FIG. 1 is a block diagram of a time axis error correction device according to an embodiment of the present invention, FIG. 2 is a waveform diagram showing output waveforms of each block of FIG. 1, and FIG. 3 is a conventional time axis error correction device. A block diagram and FIG. 4 are waveform diagrams showing the output waveforms of the blocks of FIG. 12 ... video signal input terminal, 17 ... memory, 19 ... synchronization signal generation circuit, 22 ... width detection circuit, 23 ... phase adjustment circuit,
24 ... Replacement circuit, 25 ... output terminal, 30 ... writing means, 31 ... reading means, 32 ... synchronous signal generating means, 33 ...

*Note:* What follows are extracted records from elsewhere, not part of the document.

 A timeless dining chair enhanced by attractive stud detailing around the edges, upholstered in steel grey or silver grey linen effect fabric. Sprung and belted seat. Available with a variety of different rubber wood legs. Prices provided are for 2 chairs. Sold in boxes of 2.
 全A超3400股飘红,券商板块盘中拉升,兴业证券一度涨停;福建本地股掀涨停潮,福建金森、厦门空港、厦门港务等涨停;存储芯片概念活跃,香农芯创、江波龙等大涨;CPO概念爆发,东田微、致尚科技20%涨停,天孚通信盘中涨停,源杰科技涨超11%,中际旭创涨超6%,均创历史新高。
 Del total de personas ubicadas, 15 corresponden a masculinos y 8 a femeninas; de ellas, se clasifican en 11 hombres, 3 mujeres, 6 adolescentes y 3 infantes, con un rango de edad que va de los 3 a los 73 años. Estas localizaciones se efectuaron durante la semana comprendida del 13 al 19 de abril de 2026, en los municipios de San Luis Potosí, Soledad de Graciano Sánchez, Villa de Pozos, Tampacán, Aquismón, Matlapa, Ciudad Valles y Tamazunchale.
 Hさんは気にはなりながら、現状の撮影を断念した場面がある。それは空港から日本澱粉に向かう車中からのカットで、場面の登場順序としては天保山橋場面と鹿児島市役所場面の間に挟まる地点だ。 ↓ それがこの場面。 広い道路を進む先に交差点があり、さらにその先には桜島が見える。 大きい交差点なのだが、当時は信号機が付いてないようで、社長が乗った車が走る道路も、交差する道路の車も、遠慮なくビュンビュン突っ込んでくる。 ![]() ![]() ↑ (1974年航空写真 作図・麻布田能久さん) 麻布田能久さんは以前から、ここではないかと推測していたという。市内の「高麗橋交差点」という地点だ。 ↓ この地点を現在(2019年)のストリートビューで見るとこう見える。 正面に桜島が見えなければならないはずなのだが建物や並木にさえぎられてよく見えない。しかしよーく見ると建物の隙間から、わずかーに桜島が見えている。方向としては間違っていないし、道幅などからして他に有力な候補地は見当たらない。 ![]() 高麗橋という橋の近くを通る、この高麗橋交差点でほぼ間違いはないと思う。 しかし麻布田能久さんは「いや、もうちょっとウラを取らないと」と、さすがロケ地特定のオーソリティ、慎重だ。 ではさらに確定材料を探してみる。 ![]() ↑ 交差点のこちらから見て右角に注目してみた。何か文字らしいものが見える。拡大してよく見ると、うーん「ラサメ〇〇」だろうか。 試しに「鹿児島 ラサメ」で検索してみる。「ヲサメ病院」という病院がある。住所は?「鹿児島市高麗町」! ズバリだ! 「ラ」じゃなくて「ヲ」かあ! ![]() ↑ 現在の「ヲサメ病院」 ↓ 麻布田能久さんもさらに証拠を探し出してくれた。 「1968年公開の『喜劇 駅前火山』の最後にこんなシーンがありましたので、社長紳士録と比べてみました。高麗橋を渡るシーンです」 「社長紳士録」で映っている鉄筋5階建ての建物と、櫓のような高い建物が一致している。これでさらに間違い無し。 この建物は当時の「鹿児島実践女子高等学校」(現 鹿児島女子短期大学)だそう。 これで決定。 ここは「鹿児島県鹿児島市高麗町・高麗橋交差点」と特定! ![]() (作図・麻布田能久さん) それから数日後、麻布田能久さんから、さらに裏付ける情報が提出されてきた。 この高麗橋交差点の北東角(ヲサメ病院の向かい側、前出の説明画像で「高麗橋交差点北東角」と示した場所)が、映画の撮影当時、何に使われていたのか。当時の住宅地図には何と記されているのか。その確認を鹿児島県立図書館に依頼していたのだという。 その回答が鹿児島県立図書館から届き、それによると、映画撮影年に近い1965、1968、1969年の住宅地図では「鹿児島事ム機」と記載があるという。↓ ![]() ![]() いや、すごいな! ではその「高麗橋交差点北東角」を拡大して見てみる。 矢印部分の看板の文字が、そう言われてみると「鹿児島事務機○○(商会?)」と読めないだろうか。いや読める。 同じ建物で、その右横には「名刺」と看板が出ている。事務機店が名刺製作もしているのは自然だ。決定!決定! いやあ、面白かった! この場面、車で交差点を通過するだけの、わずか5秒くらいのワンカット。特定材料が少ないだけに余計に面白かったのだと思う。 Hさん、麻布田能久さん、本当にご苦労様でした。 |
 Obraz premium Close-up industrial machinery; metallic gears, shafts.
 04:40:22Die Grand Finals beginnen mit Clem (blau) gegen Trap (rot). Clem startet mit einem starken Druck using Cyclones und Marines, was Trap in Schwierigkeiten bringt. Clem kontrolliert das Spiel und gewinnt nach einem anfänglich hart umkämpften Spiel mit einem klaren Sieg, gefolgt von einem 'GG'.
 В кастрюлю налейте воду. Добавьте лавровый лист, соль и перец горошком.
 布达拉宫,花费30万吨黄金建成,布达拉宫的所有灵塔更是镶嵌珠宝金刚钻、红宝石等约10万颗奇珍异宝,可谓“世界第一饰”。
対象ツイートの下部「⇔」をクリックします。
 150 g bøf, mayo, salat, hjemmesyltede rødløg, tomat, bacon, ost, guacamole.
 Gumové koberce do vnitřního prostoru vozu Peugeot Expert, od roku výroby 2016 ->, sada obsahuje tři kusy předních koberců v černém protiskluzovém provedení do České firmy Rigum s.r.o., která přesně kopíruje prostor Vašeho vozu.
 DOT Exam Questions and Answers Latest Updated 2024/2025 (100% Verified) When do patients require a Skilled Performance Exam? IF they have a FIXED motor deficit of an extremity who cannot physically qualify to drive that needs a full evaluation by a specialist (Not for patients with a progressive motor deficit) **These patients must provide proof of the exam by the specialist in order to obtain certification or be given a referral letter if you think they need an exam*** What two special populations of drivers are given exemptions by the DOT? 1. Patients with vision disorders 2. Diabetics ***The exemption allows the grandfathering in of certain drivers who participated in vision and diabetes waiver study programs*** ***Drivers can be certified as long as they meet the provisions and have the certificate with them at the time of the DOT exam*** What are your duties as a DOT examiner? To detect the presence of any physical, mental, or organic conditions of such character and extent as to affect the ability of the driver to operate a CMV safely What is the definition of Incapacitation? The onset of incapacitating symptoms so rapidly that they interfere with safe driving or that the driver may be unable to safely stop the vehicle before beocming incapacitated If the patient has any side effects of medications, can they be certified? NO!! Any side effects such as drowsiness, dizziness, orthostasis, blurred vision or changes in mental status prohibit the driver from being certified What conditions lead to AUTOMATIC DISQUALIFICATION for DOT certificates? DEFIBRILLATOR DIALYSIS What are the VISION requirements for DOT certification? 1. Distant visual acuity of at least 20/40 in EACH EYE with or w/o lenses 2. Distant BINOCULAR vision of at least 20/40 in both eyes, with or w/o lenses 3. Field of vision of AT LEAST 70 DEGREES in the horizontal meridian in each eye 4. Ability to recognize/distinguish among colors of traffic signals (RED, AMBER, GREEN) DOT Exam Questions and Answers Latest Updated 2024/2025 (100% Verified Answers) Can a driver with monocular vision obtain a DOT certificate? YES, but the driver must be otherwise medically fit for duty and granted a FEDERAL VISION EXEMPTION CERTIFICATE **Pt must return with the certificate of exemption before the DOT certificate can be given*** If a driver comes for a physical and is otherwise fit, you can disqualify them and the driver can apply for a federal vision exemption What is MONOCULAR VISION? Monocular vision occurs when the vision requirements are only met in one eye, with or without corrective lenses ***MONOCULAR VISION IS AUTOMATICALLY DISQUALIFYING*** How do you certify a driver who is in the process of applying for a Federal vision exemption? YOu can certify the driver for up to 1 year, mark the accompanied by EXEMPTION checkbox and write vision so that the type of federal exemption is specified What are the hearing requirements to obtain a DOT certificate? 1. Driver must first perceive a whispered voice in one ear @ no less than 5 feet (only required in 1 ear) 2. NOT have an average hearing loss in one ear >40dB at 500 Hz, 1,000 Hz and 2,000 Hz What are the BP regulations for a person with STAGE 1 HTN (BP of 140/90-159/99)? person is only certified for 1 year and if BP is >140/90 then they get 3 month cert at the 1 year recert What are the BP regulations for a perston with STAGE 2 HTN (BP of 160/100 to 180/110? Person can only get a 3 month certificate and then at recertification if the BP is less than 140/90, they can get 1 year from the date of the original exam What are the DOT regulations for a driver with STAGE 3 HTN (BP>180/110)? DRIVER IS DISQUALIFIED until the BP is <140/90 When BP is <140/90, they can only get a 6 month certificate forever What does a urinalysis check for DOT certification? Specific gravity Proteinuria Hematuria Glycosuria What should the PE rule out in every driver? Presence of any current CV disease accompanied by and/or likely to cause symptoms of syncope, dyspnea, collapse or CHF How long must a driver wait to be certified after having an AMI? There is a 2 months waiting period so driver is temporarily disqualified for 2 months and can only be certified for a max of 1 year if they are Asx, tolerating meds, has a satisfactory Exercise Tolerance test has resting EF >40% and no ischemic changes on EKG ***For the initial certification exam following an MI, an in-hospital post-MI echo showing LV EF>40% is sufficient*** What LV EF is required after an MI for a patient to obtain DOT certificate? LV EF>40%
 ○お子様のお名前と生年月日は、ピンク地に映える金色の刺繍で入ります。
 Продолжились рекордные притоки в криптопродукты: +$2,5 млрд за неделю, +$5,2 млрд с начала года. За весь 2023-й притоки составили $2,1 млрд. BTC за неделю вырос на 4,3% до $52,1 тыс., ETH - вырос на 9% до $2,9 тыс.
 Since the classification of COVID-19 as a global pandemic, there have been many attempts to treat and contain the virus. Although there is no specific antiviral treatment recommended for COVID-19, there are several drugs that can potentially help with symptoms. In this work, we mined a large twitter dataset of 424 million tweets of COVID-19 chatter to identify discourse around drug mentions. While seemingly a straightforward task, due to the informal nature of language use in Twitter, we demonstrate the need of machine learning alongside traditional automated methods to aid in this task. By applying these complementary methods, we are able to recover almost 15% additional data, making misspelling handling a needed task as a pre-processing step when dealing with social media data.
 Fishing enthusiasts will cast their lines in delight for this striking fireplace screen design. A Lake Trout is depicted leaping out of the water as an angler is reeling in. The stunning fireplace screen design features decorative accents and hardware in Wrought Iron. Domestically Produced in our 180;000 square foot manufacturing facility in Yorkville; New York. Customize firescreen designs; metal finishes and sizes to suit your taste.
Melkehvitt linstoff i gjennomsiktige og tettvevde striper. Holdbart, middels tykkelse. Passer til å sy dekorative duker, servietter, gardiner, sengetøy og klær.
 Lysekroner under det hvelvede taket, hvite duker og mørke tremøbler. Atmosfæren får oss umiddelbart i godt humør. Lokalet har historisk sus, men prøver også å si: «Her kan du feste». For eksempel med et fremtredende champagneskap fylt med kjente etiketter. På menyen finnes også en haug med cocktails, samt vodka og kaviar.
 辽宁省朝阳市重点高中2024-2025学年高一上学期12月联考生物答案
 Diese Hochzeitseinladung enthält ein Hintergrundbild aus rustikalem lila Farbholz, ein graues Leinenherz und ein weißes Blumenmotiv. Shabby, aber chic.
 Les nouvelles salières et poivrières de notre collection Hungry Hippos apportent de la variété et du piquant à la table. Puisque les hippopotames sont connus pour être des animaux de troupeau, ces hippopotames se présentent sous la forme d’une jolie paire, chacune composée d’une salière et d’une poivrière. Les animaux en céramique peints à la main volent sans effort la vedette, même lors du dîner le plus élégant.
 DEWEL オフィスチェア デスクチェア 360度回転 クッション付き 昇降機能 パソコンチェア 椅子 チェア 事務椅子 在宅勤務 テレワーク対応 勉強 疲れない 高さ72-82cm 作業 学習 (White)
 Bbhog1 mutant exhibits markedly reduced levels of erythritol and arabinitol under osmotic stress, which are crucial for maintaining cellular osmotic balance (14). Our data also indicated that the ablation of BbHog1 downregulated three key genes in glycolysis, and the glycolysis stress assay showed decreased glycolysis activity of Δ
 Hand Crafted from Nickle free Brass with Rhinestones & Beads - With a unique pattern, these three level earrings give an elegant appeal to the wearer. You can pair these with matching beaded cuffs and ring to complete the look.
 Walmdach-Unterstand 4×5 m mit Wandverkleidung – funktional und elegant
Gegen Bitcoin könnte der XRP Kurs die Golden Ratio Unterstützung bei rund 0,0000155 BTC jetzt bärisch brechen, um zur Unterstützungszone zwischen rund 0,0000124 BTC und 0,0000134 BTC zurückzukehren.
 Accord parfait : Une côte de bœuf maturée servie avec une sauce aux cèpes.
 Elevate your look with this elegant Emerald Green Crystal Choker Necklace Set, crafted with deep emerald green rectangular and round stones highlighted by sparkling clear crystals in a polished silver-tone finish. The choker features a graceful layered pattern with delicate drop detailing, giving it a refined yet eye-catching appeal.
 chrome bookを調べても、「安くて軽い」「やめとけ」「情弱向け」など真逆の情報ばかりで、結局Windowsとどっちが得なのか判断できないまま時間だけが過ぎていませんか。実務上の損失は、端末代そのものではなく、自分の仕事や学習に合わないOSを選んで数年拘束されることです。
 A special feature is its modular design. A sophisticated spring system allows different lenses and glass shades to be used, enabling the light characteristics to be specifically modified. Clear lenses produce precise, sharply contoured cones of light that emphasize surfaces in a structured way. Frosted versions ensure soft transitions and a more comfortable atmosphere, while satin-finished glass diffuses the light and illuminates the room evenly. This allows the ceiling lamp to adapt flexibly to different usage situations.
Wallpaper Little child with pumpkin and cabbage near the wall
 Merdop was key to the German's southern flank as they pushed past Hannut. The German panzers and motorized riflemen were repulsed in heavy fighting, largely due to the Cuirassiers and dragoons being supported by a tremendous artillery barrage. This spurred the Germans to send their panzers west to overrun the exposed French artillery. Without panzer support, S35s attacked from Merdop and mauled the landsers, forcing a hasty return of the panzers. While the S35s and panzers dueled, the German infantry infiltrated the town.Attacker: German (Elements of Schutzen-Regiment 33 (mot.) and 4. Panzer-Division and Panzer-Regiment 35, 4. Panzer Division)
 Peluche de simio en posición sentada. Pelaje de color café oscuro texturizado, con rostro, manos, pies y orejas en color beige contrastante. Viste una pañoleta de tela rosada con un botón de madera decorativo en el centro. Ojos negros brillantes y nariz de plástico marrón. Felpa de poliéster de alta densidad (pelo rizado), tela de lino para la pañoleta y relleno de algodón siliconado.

Time axis correction means.

Claims (1)

[Claims] 1. A writing means for writing the input first video signal in a memory, a sync signal generating means for generating a reference composite sync signal, and a synchronization signal generating means for generating the reference composite sync signal from the memory. A reading means for reading out at a timing and outputting it as a second video signal, and a third synchronizing means which replaces the composite synchronizing signal of the second video signal by matching the trailing edge portion with the reference composite synchronizing signal whose phase is adjusted. A time axis correcting means for outputting a video signal, wherein the time axis correcting means detects a time width of the horizontal synchronizing signal of the second video signal and outputs a control signal corresponding to the width. And a phase adjusting means for adjusting the time width of the horizontal sync signal in the reference composite sync signal at the leading edge thereof with the control signal, and the time width of the horizontal sync signal of the third video signal is the second width. Video signal Time base error correcting apparatus characterized by being adjusted by the duration of the horizontal synchronization signal.